The two properties posted in aggregate, mass-market table drop of US$1.29 billion in the fourth quarter, under half the pre-Covid-19 level reported in the same period a year earlier. It was nonetheless almost six times higher than in the July to September period of 2020.
VIP table game turnover in Macau was 5.6 times higher sequentially in the fourth quarter, at US$4.58 billion. However, it was only around a quarter of the pre-Covid-19 levels posted at the end of 2019.
In addition, the group said Wynn Palace had experienced a low win percentage relative to VIP turnover, at 1.97 percent, far lower than the normal range of 2.6 percent to 3.3 percent.
Finance, parent performance
The Macau unit told the Hong Kong bourse that its fourth-quarter financing costs were US$70.4 million – compared to US$47.6 million a year earlier.
Wynn Macau Ltd had outstanding debt of US$6.35 billion at the end of the year, up from US$5.96 billion three months earlier. The firm had US$2.43 billion in cash or equivalents as well as available borrowing capacity of US$343.5 million.

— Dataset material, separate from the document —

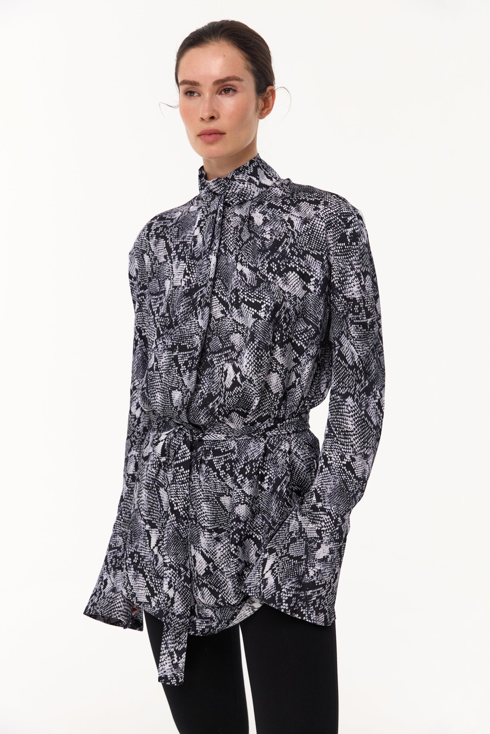 Statement snake-print tunic with playful elegance and a soft, effortless fit that elevates every outfit.
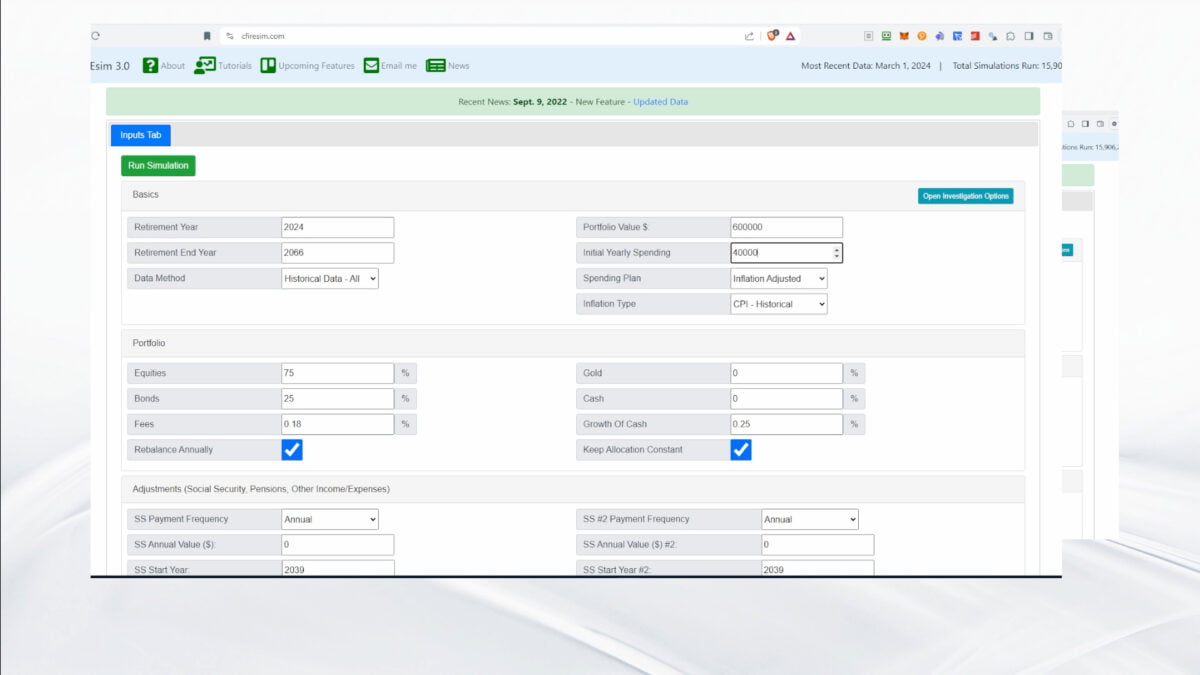 cFIREsim es un simulador que utiliza datos históricos del mercado desde 1871 para evaluar la viabilidad de diferentes estrategias de retiro. El simulador permite ajustar variables como el tamaño inicial de la cartera, la proporción de diferentes tipos de activos (acciones, bonos, oro), y la duración esperada del retiro, proporcionando así una plataforma robusta para desafiar la regla del 4%.

The group as a whole – which also runs Wynn Las Vegas in Nevada and Encore Boston Harbor in Massachusetts in the U.S. – recorded a quarterly net loss of US$178.6 million, much smaller than the loss of US$831.5 million for the July to September period.
Wynn Resorts finished full-year 2020 with an operating loss of US$1.2 billion, a far cry from the US$878.3-million profit posted in the previous year.

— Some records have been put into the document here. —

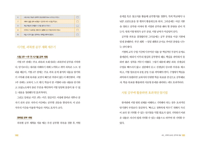 ¸¹Àº ÇлýµéÀÌ ½Çõ °¡´ÉÇÑ °èȹÀ» ¼¼¿ì´Â ¹æ¹ýÀ» ¸ô¶ó °èȹÀ» ¼¼¿ì´Â °Í¿¡ ´ëÇØ ºÎ´ã°¨À» °®°í ÀÖ´Ù. ¡°°øºÎ °èȹÀ» ¼¼¿ö 6°³¿ù Á¤µµ °øºÎÇØºÃ´Âµ¥, Àß ÁöŰÁö ¸øÇÏ´Ï±î ³ªÁß¿¡´Â ¾Æ¿¹ °èȹÀ» ¼¼¿ìÁö ¾Ê°Ô µÇ¾ú¾î¿ä.¡± ÁÁÀº ¼ºÀûÀ» °ÅµÎ±â À§Çؼ´Â ¡®½Çõ °¡´ÉÇÑ ½ÃÇè °èȹǥ¡¯¸¦ ¼¼¿ì´Â °ÍºÎÅÍ ½ÃÀÛÇÏÀÚ. °ÅâÇÑ ½ÃÇè °èȹǥ¸¦ Â¥µµ ½ÇõÇÏÁö ¾ÊÀ¸¸é ¹«¿ëÁö¹°ÀÌ´Ù. ½ÃÇè 3ÁÖ Àü, 2ÁÖ Àü, 1ÁÖ Àü¿¡ ¹Ýµå½Ã ÇØ¾ß ÇÏ´Â °ÍµéÀ» üũ¸®½ºÆ®·Î ¸¸µé¾î °øºÎ ½Çõ Á¤µµ¸¦ Áö¼ÓÀûÀ¸·Î Á¡°ËÇÏÀÚ. ½ÇõÇÑ ÈÄ Ã¼Å©ÇÏ´Â Ç׸ñÀÌ ´Ã¾î³¯¼ö·Ï °øºÎ¹ý¿¡ ´ëÇÑ ¼º°ø °æÇèÀÌ ½×ÀÌ¸é¼ Àڽۨµµ ³ôÀÏ ¼ö ÀÖ´Ù. ½ÃÇè ½Ã±âº°·Î ÀÚ½ÅÀÇ ½Çõ »óȲÀ» Á¡°ËÇÏ°í ½ÇõÇÏÁö ¸øÇÑ ºÎºÐ¿¡ ´ëÇØ º¸¿ÏÇϵµ·Ï ÇÏÀÚ. _ 160~162ÆäÀÌÁö
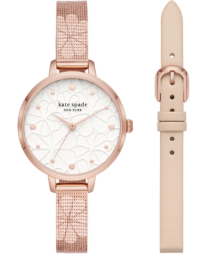 Kate Spade New York Women-s Metro Floral Rose Gold-Tone Stainless Steel Mesh Bracelet Watch 34mm Gift Set
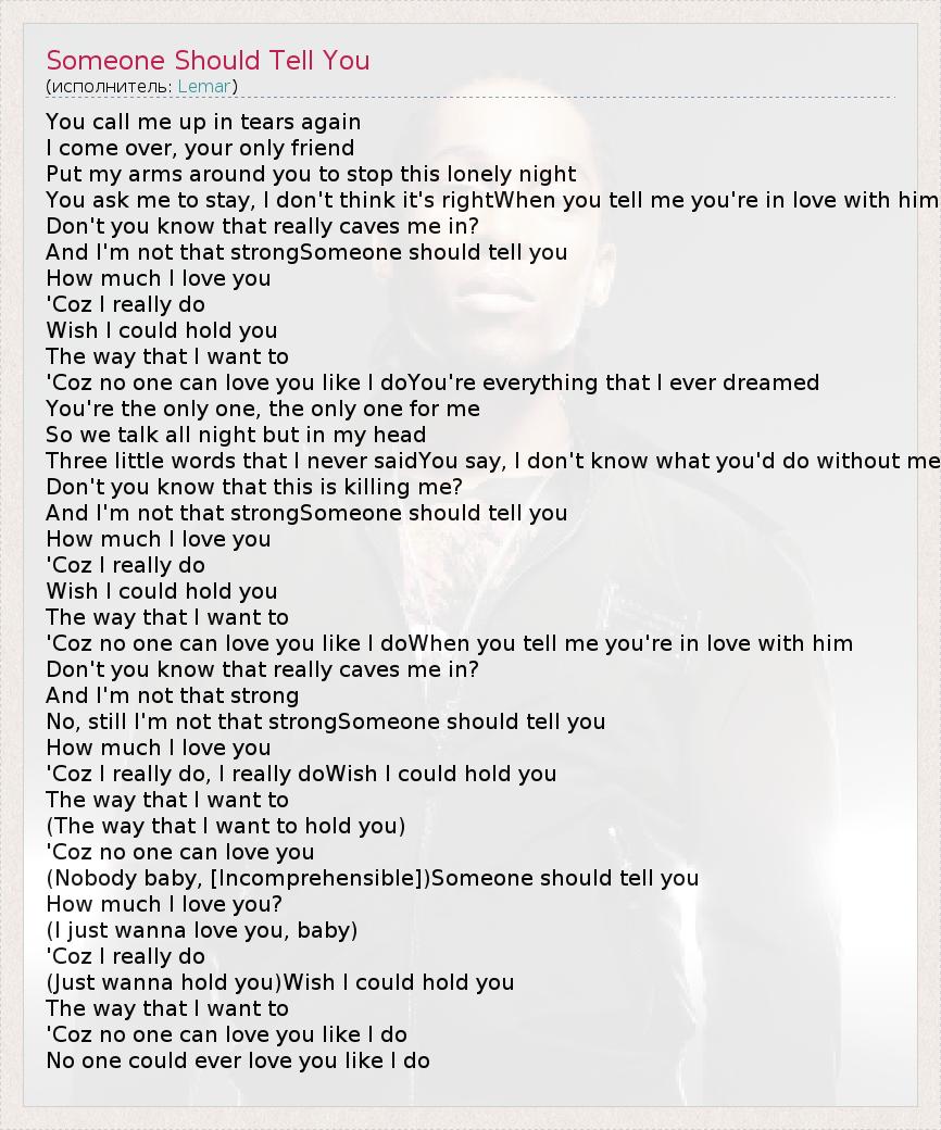 ГлавнаяИсполнителиLemarSomeone Should Tell You
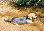 We looked for the connecting trail to St Mary’s Falls (SMF) but must of have missed it. After consulting the map I was pretty sure we needed to just make our own trail up the side of the hill and so we did. It was a rather steep ascent and we had to stop several times to catch our breath but sure enough at the top we found the trail coming along the ridge and just beginning to descend the other side. We followed it down to the streambed at the bottom and crossed over and picked up SMF trail. Abby was delighted to find the cold mountain stream and she laid down in it for a little bit to cool off and have a nice drink.
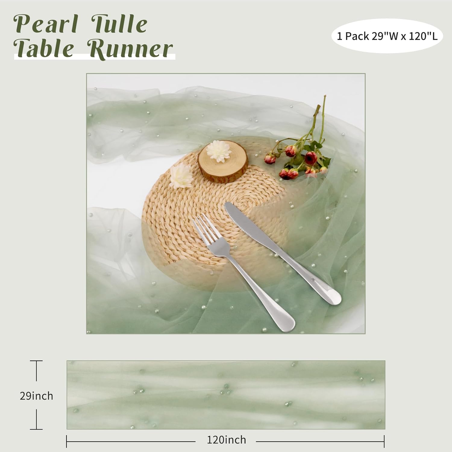 Pearl Table Runner 29 x 120 Inch Tulle Fabric Lace Table Runners Boho Rustic Tablecloth for Bridal Shower Birthday Party Wedding Arch Aisle Veil Dessert Table Decor(1 Pack, Sage Green)
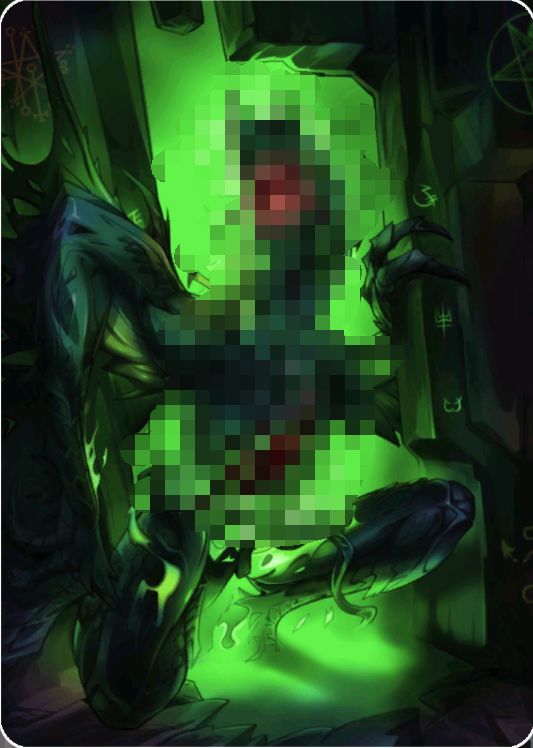 6月新出的吞灭卡,丑出天际,避免吓到小朋友我这里打码了。技能1/3概率给灵隐,1/3概率吞灭,1/3概率转化成50级的沃兰兽*翠蚀。给敌方灵隐对于恐吞队来说无关紧要,剩下的2/3概率都是好的,但没有封灵的保底让格温始终差七七一筹。但格温也有优点就是可以处理免吞的敌人,把敌方变成绿蛋后再吞掉。配队在上文恐吞队配队中。
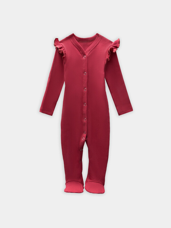 Комбинезон выполнен из рибаны. Спинка цельнокроенная.
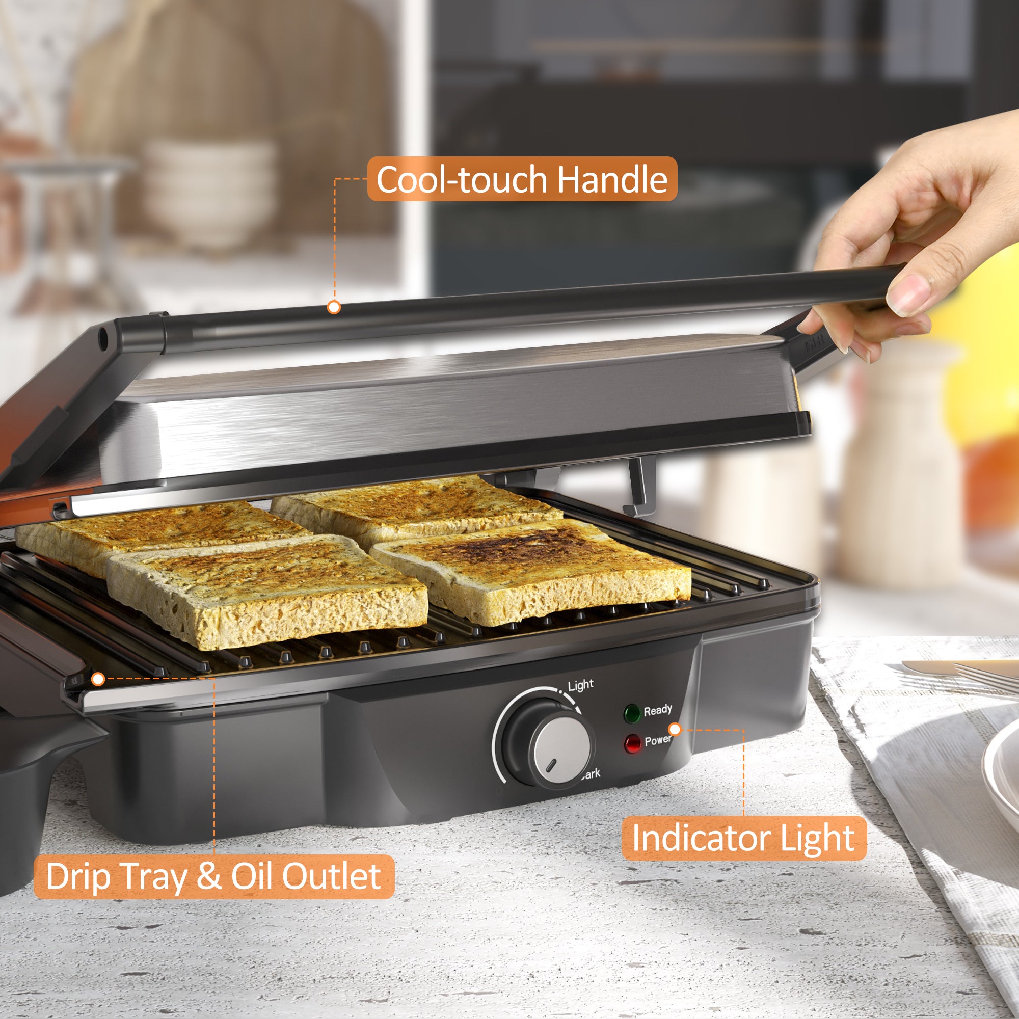 4-Slice Panini Press Grill – Stainless Steel Sandwich Maker with Non-Stick Plates, Locking Lid & Drip Tray
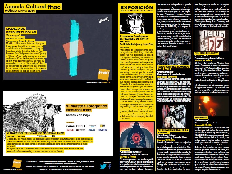 A continuación os presentamos las actividades para el mes de mayo del Forum Fnac Nueva Condomina, llena de música, cine, literatura y talleres.

The parent affirmed there would be no dividend related to the group’s fourth-quarter operations, but that for year-end 2020 – encompassing the period prior to dividend suspension – the dividend had been US$1.00 per share, versus US$3.75 for full-year 2019.
Matt Maddox said in commentary with the results, that he was “encouraged by the progress” of the group, and believed it was on “the road to recovery from the pandemic”.
But Wynn Resorts noted in its results announcement in relation to Macau operations: “Certain Covid-19 -specific protective measures, such as limiting the number of seats per table game, increasing the spacing between active slot machines and visitor entry checks and requirements involving temperature checkpoints, mask wearing, health declarations and proof of negative COVID-19 test results remain in effect at the present time.”
“Measures that have been lifted or are expected to be lifted may be reintroduced if there are adverse developments,” the company warned.